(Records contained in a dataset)
+++++

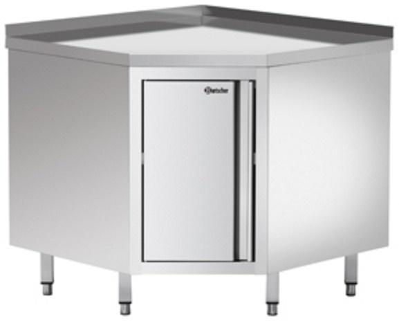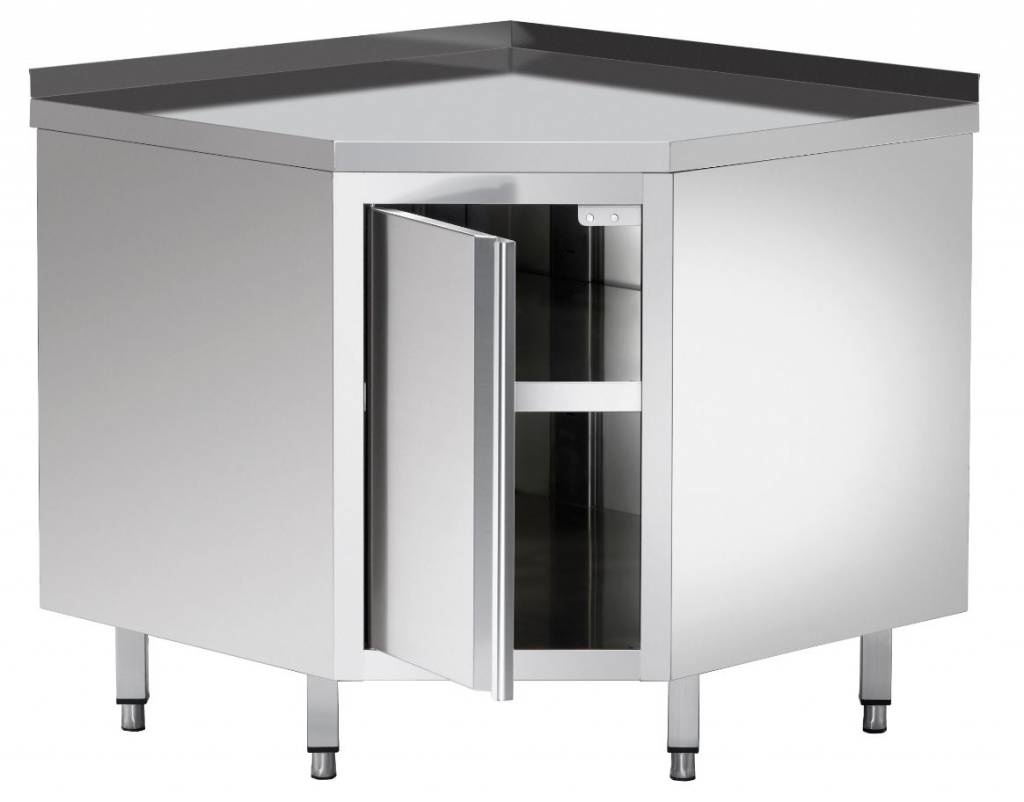 Armoire D'Angle Inox + Bord 40mm + Étagère Intermédiaire - 900x900x850-900(h)mm
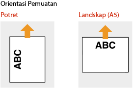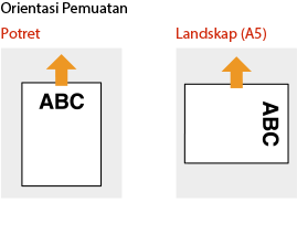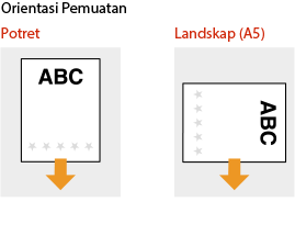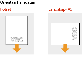 Muatkan kertas dengan muka berlogo depan (muka untuk mencetak halaman pertama dokumen) menghadap ke atas.
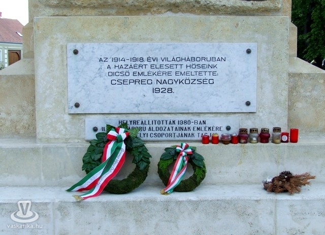 2012. május 27-én vasárnap délután Hősök-napi megemlékezést tartott Csepreg város lakossága az I. és II. világháborús emlékműnél. Ünnepi beszédet mondott: id. Dénes József, a Csepregi Honismereti Kör elnöke és Ziembicki Erzsébet, a művelődési ház vezetője, majd megkoszorúzták Király Árpád polgármester vezetésével az emlékműveket. Csepreg Város Fúvószenekara kísérte zenéjével az ünnepi ceremóniát.
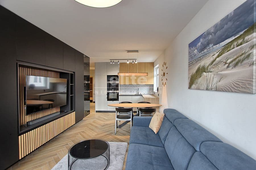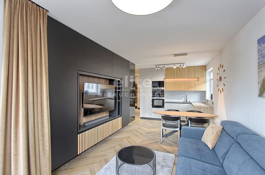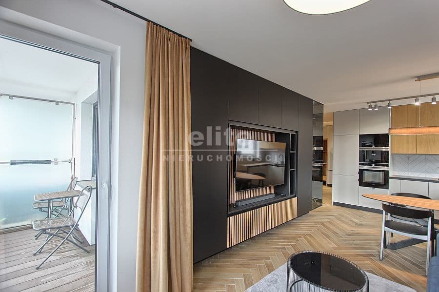 1. W pełni umeblowany salon z aneksem kuchennym oraz wyjściem na balkon.
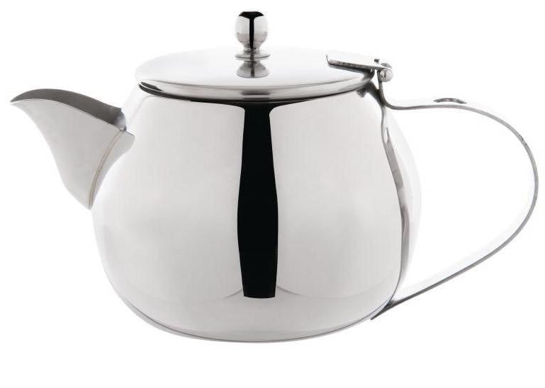 Théière anti-goutte en acier inoxydable garantissant un écoulement sans éclaboussure à chaque utilisation. Modèle classique avec une charnière extrêmement résistante.
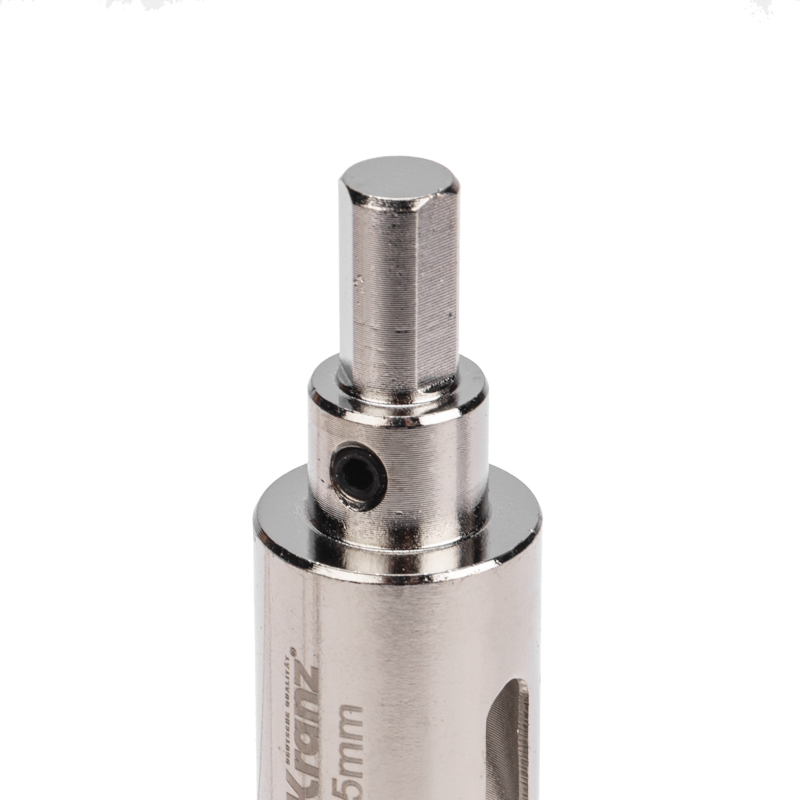 Алмазная коронка диаметром 25 мм используется при сверлении керамогранита, керамики, стекла. Наличие центровочного сверла обеспечивает точное позиционирование коронки на поверхности и помогает избежать смещения во время работ.

+++++

> PROBLEM DESCRIPTION:
Every line of the records above must reappear exactly, though the pictures must not.

> YOUR RESPONSE:
 Armoire D'Angle Inox + Bord 40mm + Étagère Intermédiaire - 900x900x850-900(h)mm
 Muatkan kertas dengan muka berlogo depan (muka untuk mencetak halaman pertama dokumen) menghadap ke atas.
 2012. május 27-én vasárnap délután Hősök-napi megemlékezést tartott Csepreg város lakossága az I. és II. világháborús emlékműnél. Ünnepi beszédet mondott: id. Dénes József, a Csepregi Honismereti Kör elnöke és Ziembicki Erzsébet, a művelődési ház vezetője, majd megkoszorúzták Király Árpád polgármester vezetésével az emlékműveket. Csepreg Város Fúvószenekara kísérte zenéjével az ünnepi ceremóniát.
 1. W pełni umeblowany salon z aneksem kuchennym oraz wyjściem na balkon.
 Théière anti-goutte en acier inoxydable garantissant un écoulement sans éclaboussure à chaque utilisation. Modèle classique avec une charnière extrêmement résistante.
 Алмазная коронка диаметром 25 мм используется при сверлении керамогранита, керамики, стекла. Наличие центровочного сверла обеспечивает точное позиционирование коронки на поверхности и помогает избежать смещения во время работ.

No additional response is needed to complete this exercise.